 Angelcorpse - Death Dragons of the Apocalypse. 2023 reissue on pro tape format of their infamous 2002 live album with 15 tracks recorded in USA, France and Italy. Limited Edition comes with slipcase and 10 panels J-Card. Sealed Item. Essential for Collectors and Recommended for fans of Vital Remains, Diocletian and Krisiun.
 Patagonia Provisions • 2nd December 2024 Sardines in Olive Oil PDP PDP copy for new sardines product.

..............................

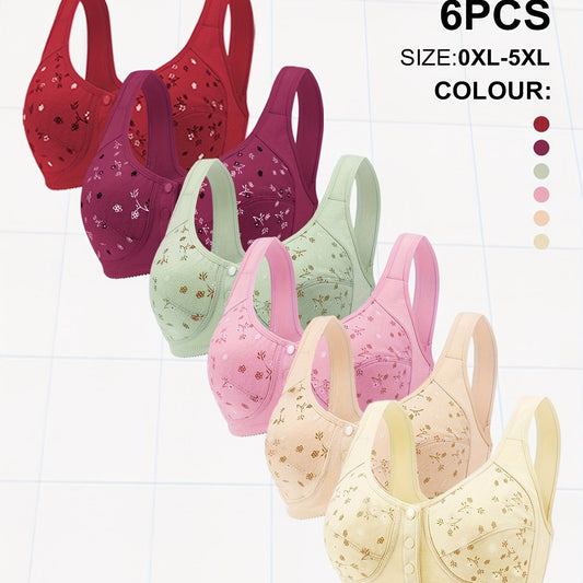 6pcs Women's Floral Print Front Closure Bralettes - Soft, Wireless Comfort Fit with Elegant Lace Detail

..............................

### Instructions to follow
Only the lines above starting at the one containing "Angelcorpse - Death" and ending at the one containing "Patagonia Provisions •", both included, are to be returned, exactly as they read.

### Problem solution
 Angelcorpse - Death Dragons of the Apocalypse. 2023 reissue on pro tape format of their infamous 2002 live album with 15 tracks recorded in USA, France and Italy. Limited Edition comes with slipcase and 10 panels J-Card. Sealed Item. Essential for Collectors and Recommended for fans of Vital Remains, Diocletian and Krisiun.
 Patagonia Provisions • 2nd December 2024 Sardines in Olive Oil PDP PDP copy for new sardines product.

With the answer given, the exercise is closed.